Dal suo osservatorio costantemente in contatto con numerosi comuni in tutta Italia, Raoul Tiraboschi, individua le sfide che le Food Policy sono chiamate ad affrontare: «alcune città stanno inserendo il diritto al cibo per tutti e tutte negli Statuti comunali. È il caso di Bologna con il grande impegno sullo “ius cibi” portato avanti dal gruppo di lavoro coordinato da Andrea Segré, ma anche di Livorno e di Torino. Un passaggio molto importante che non ha una valenza simbolica ma assolutamente concreta e che vede collegare azioni, risorse e impegni precisi alle politiche del cibo. Sono certamente un modello da replicare. A livello nazionale esistono leggi singole su spreco, mense, mercati ma non una normativa che faccia sintesi: in questo senso è bene guardare ad alcune città capofila che stabiliscono dei criteri. Il caso certamente più importante è quello del Milan Urban Food policy pact.

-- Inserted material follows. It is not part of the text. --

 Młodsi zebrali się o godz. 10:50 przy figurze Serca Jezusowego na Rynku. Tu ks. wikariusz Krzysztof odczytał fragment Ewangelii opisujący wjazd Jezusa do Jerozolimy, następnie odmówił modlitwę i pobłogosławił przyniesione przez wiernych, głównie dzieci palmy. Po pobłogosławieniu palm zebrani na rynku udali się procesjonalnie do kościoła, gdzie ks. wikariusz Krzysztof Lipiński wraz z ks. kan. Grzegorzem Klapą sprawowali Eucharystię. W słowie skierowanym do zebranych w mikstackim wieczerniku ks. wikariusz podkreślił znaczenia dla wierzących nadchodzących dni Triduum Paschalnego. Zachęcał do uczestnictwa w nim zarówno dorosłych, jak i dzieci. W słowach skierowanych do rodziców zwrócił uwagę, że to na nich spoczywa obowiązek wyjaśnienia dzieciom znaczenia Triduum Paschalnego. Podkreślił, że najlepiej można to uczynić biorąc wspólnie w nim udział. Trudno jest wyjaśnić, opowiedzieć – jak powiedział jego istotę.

Ma è evidente che va affrontata l’importante diversità nella gestione delle Food Policy tra le grandi città, che hanno risorse umane, esperienze, accesso alla progettazione europea, e centri minori quali Bergamo, dove opero, o Trento. Qui le esperienze meritorie e frutto di grande impegno e lungimiranza, hanno la necessità di consorziarsi e lavorare in più soggetti per rendere efficacie la propria azione».

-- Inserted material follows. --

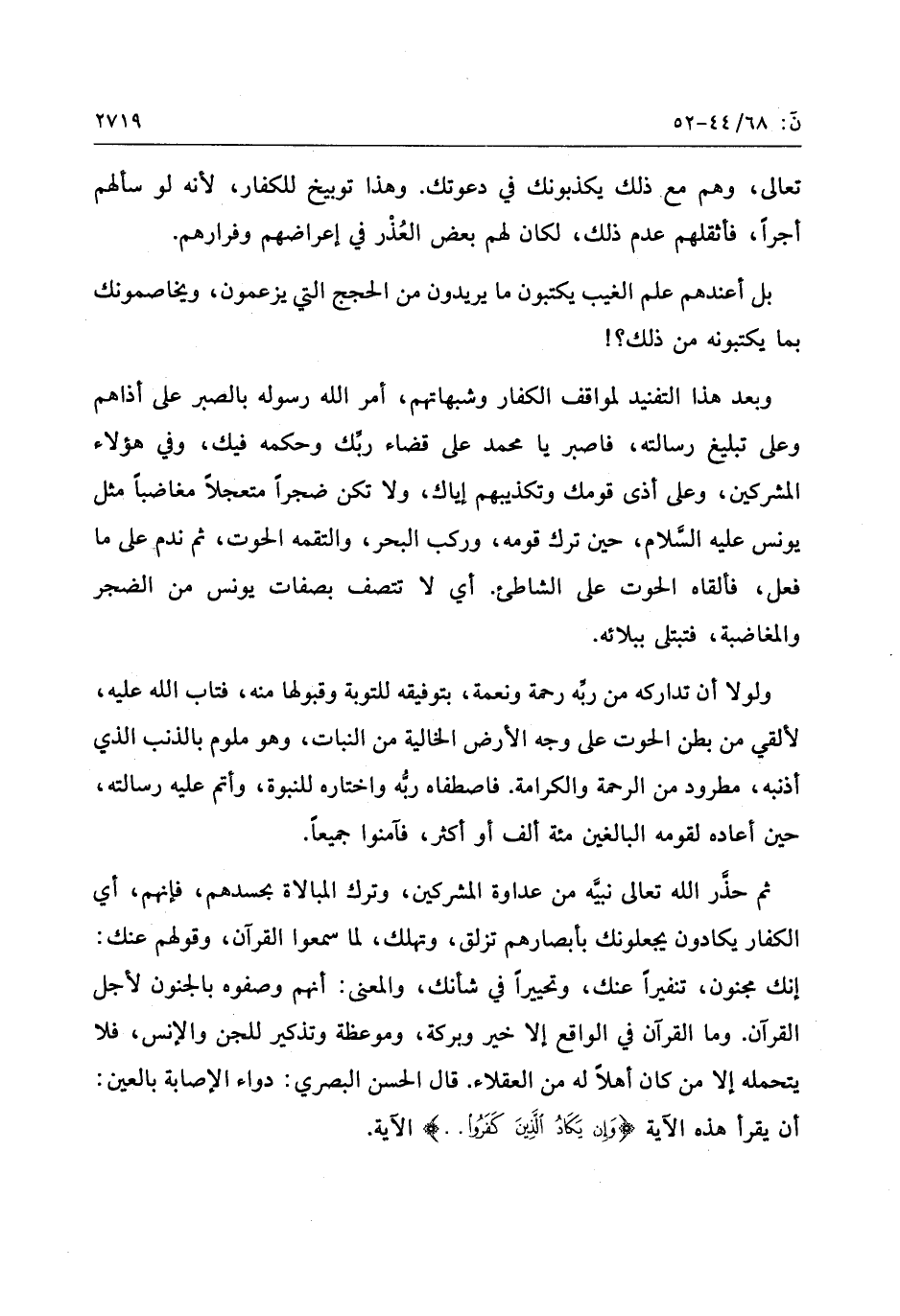 بل أعندهم علم الغيب يكتبون ما يريدون من الحجج التي يزعمون، ويخاصمونك بما يكتبونه من ذلك؟! وبعد هذا التفنيد لمواقف الكفار وشبهاتهم، أمر الله رسوله بالصبر على أذاهم وعلى تبليغ رسالته، فاصبر يا محمد على قضاء ربّك وحكمه فيك، وفي هؤلاء المشركين، وعلى أذى قومك وتكذيبهم إياك، ولا تكن ضجرا متعجلا مغاضبا مثل يونس عليه السّلام، حين ترك قومه، وركب البحر، والتقمه الحوت، ثم ندم على ما فعل، فألقاه الحوت على الشاطئ. أي لا تتصف بصفات يونس من الضجر والمغاضبة، فتبتلى ببلائه.

Un ruolo sempre più rilevante è quello della formazione degli amministratori. Proprio per questo in Sicilia è stata attivata una collaborazione tra ANCI (Associazione Nazionale Comuni Italiani) e Slow Food, Fabio di Francesco, presidente regionale dell’associazione ha evidenziato l’importanza di questo sodalizio: «lavoriamo insieme affinché la Sicilia diventi un modello di riferimento nelle buone pratiche che contraddistinguono l'efficace attuazione delle politiche del cibo e affinché queste, così concertate, possano avere benefiche ricadute sulle nostre comunità tenendo in prima e maggiore considerazione i meno fortunati e chi si trova in situazioni di disagio: giustizia ambientale e sociale potranno realizzarsi solo con l’attuazione di vere politiche del cibo». Dalla Puglia al Piemonte la collaborazione tra il CHIEM (International Centre for Advanced Mediterranean Agronomic Studies) di Bari e l’Università di Scienze Gastronomiche di Slow Food con sede a Pollenzo ha permesso di erogare il primo master internazionale in local food policy. Un percorso di alta formazione che ha l’ambizione di definire un profilo professionale sempre più necessario nella progettazione di città che sappiano essere inclusive, sostenibili e parte attiva della transizione ecologica.


Articolo pubblicato su il T Quotidiano, venerdì 12 marzo 2025 nella rubrica Terra Madre.